### PROBLEM TO SOLVE
The lines below must be transcribed exactly as given, with the images removed.

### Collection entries
Segment Open

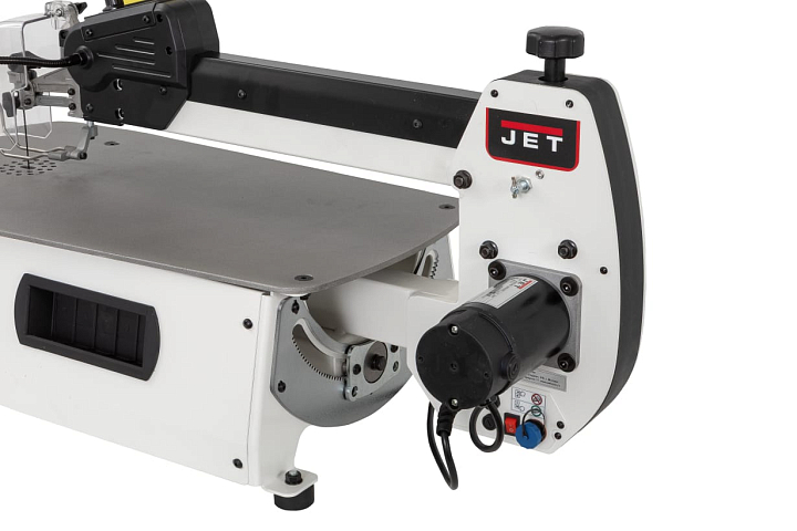 Что действительно важно для работы «целыми днями» и что самое главное - это то, что заготовки при пилении всегда располагаются на горизонтальном столе. Такой структуры нет у простеньких моделей. JSS от JET способен работать абсолютно без вибраций. При необходимости пилить под углами, наклон пилки происходит через наклон всего маятникового механизма. Для этого в подстолье с обеих сторон (фронтальной и тыльной) установлены стальные, зубчатые, направляющие полукольца. Весь механизм можно наклонить в любую из сторон вплоть до 30 в левую и до 45 в правую, просто используя для этого поворотную рукоятку. Движение пилки, верней частота хода, регулируется плавно для достижения оптимальной нагрузки и скорости пиления.
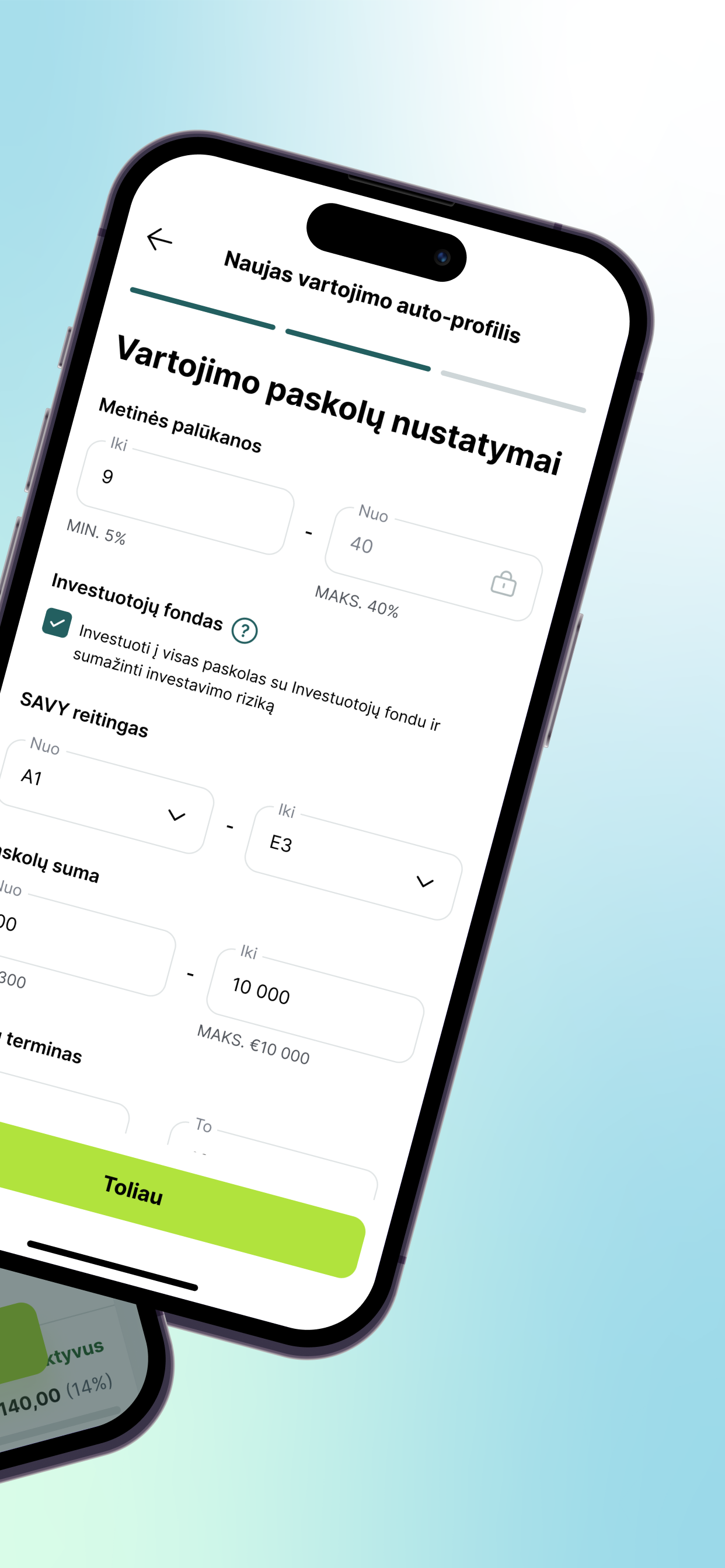 SAVY programėlė skirta investuotojams ir vartojimo paskolų klientams.
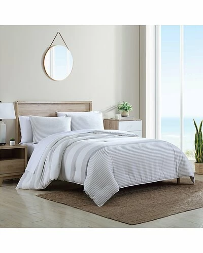 - Design details: woven herringbone texture for added dimension; medium weight which is great for year round use, comforter fill- 100% polyester: 7.75 oz. fill weight, shams include a zipper closure,, the nautica fairwater comforter set features bold grey and white horizontal striping that narrows to a smaller ticking stripe at the foot of the bed reversing to a solid grey ground
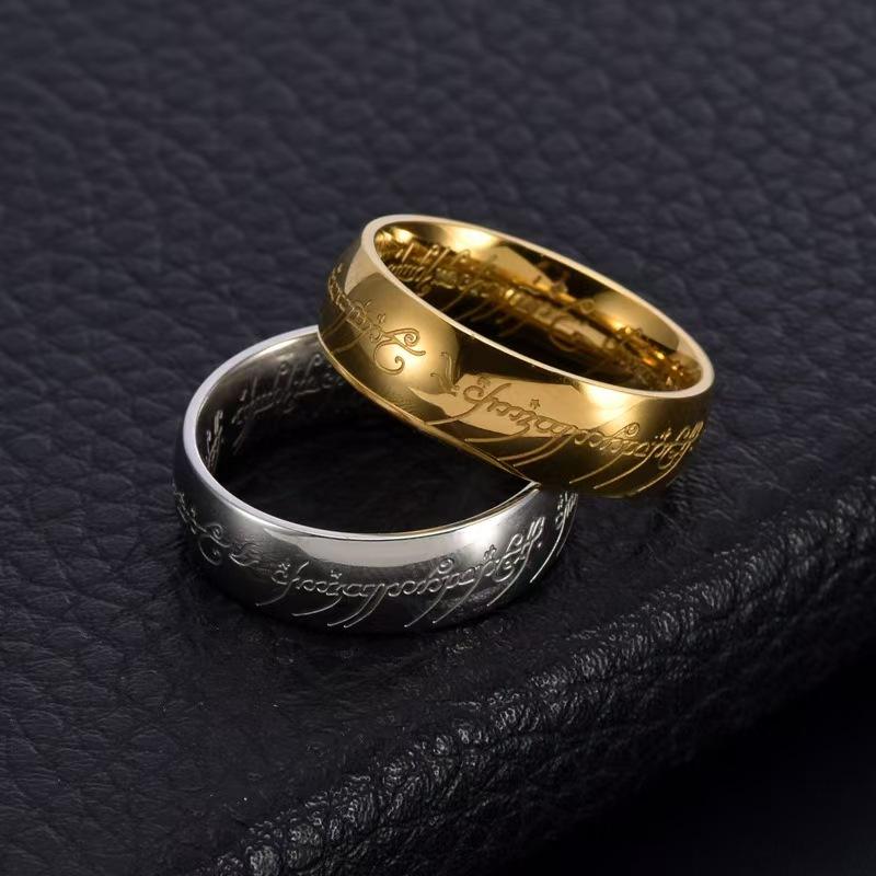 Bague unisexe plaquée or de style européen, grande taille avec motif gravé élégant, galvanisée sous vide pour un usage quotidien
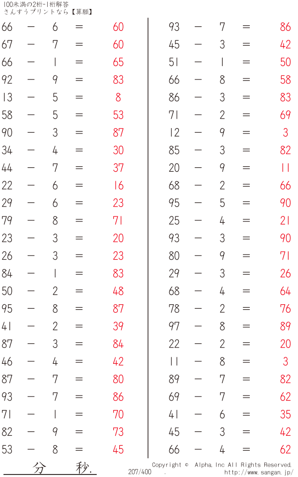 上記のボタンから「100未満の2桁-1桁」の算数数学ドリル・計算ドリル(PDFプリント)がダウンロードできます。個人利用は無料です(家庭以外での配布は有料です)。
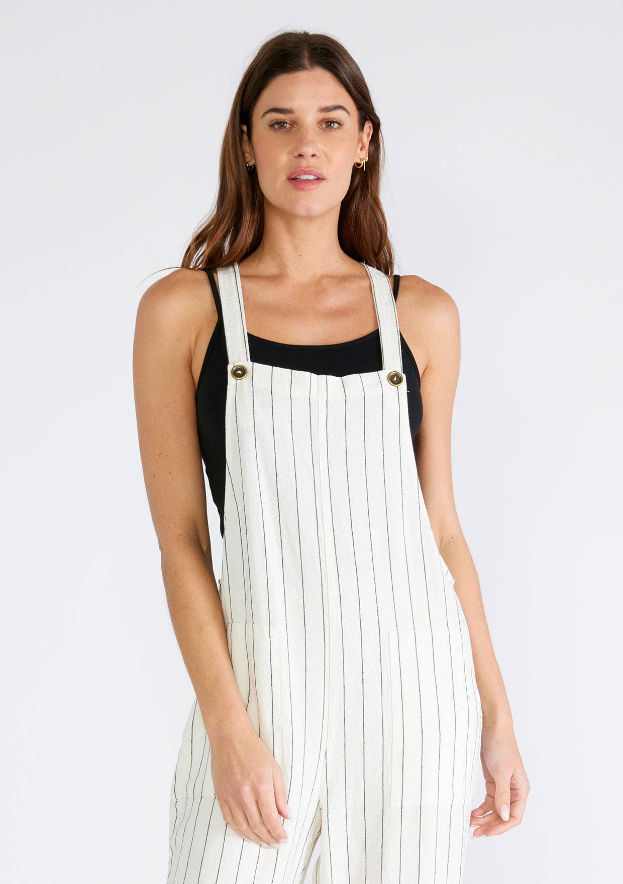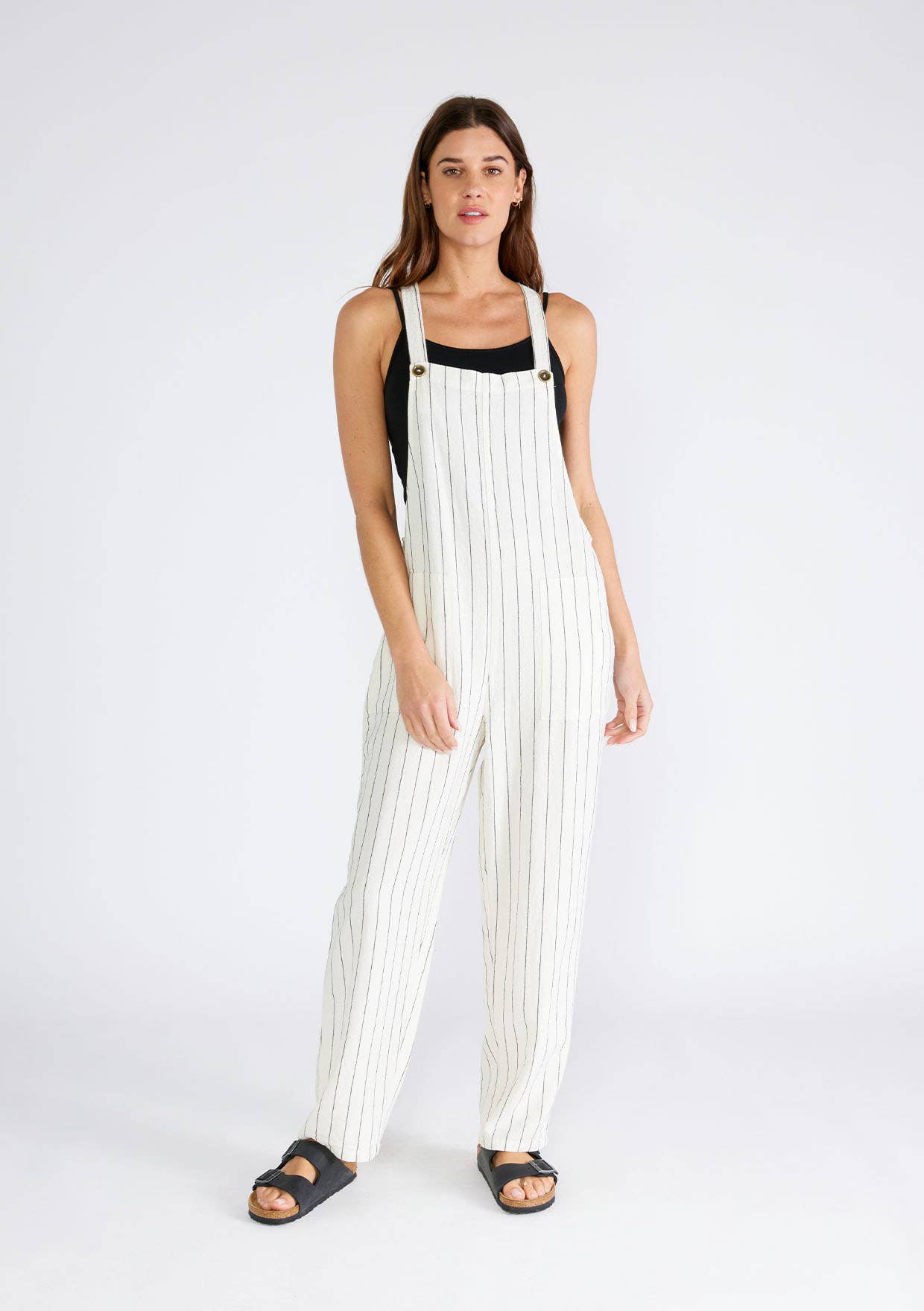 Linen blend overall in a yarn dye stripe. Features a straight leg, button strap, and side pockets. A versatile jumpsuit perfect for the Spring season.

Segment Closed

### RESPONSE TO THIS TASK
 Что действительно важно для работы «целыми днями» и что самое главное - это то, что заготовки при пилении всегда располагаются на горизонтальном столе. Такой структуры нет у простеньких моделей. JSS от JET способен работать абсолютно без вибраций. При необходимости пилить под углами, наклон пилки происходит через наклон всего маятникового механизма. Для этого в подстолье с обеих сторон (фронтальной и тыльной) установлены стальные, зубчатые, направляющие полукольца. Весь механизм можно наклонить в любую из сторон вплоть до 30 в левую и до 45 в правую, просто используя для этого поворотную рукоятку. Движение пилки, верней частота хода, регулируется плавно для достижения оптимальной нагрузки и скорости пиления.
 SAVY programėlė skirta investuotojams ir vartojimo paskolų klientams.
 - Design details: woven herringbone texture for added dimension; medium weight which is great for year round use, comforter fill- 100% polyester: 7.75 oz. fill weight, shams include a zipper closure,, the nautica fairwater comforter set features bold grey and white horizontal striping that narrows to a smaller ticking stripe at the foot of the bed reversing to a solid grey ground
 Bague unisexe plaquée or de style européen, grande taille avec motif gravé élégant, galvanisée sous vide pour un usage quotidien
 上記のボタンから「100未満の2桁-1桁」の算数数学ドリル・計算ドリル(PDFプリント)がダウンロードできます。個人利用は無料です(家庭以外での配布は有料です)。
 Linen blend overall in a yarn dye stripe. Features a straight leg, button strap, and side pockets. A versatile jumpsuit perfect for the Spring season.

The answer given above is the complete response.